We can see that now we have the data in the expected format. Feel free to expand the training set to a higher percentage using the keep argument in preprocess. After preprocessing, we are ready to invoke the built-in algorithm.

SageMaker's built-in algorithms are fully managed containers that can be accessed with a simple SDK call. The following code allows us to use the BlazingText algorithm for text classification:

image=sagemaker.image_uris.retrieve(framework='blazingtext',

                                    region=region,

                                    version='1')

print(image)

433757028032.dkr.ecr.us-west-2.amazonaws.com/blazingtext:1

After execution, we get a string in a variable called image. You may be wondering, what is this string that looks like a URL path? How is this an algorithm for model training?

Container technology is the core of SageMaker managed training. Container technology allows SageMaker the flexibility to work with algorithms from any framework and any runtime requirements.
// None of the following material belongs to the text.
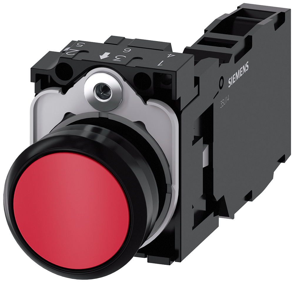 Pushbutton, 22 mm, round, plastic, green, pushbutton, flat, momentary contact type, with holder 1 NO, screw terminal Pushbuttons SIRIUS ACT for switching and controlling electrical loads.Under the brand name SIRIUS ACT, Siemens offers a unique portfolio of pushbuttons and signaling devices with global product approvals in three modern design lines of rugged genuine metal and high-grade plastic.An innovative snap-on concept makes the task of installing a unit so easy that it can be done with one hand and without any special tools. Groove-free holes are adequate as mounting holes since full twist prevention is already integrated.Thanks to the high degree of protection throughout, the rugged devices are suitable for use in industry and outdoors. Even cleaning with a high-pressure jet is possible. Neither dust, oils, nor caustic solutions can interfere with reliable operation.As well as standard wiring, the devices can also be connected to the controller via PROFINET, AS-Interface or IO-Link. Doing so will help you to reduce wiring time and effort, minimize error sources and have more flexibility.The graphical OnlineConfigurator provides convenient support when selecting and ordering individual devices, enclosures and labels. Extensive documentation (e.g. manual, 3D data, terminal diagram) is available.Versions available: Several colors, illuminated/non-illuminated, with/without inscription, latching/momentary contact operation, various button and front ring heights.Note: Complete unit, delivery includes holders and modules.SIRIUS ACT - Performance in action for control and signalling. Simply mounted, simply strong, simply perfect.

Instead of using the runtime setup in the notebook and using the compute resource behind the notebook for model training, SageMaker takes the data you supply and a container image that has the runtime setup and the code base to a separate SageMaker-managed compute infrastructure to conduct model training.

The path in image points to a container image stored in Amazon Elastic Container Registry (ECR) that has the BlazingText ML algorithm. We can use it to start a model training job with a SageMaker estimator.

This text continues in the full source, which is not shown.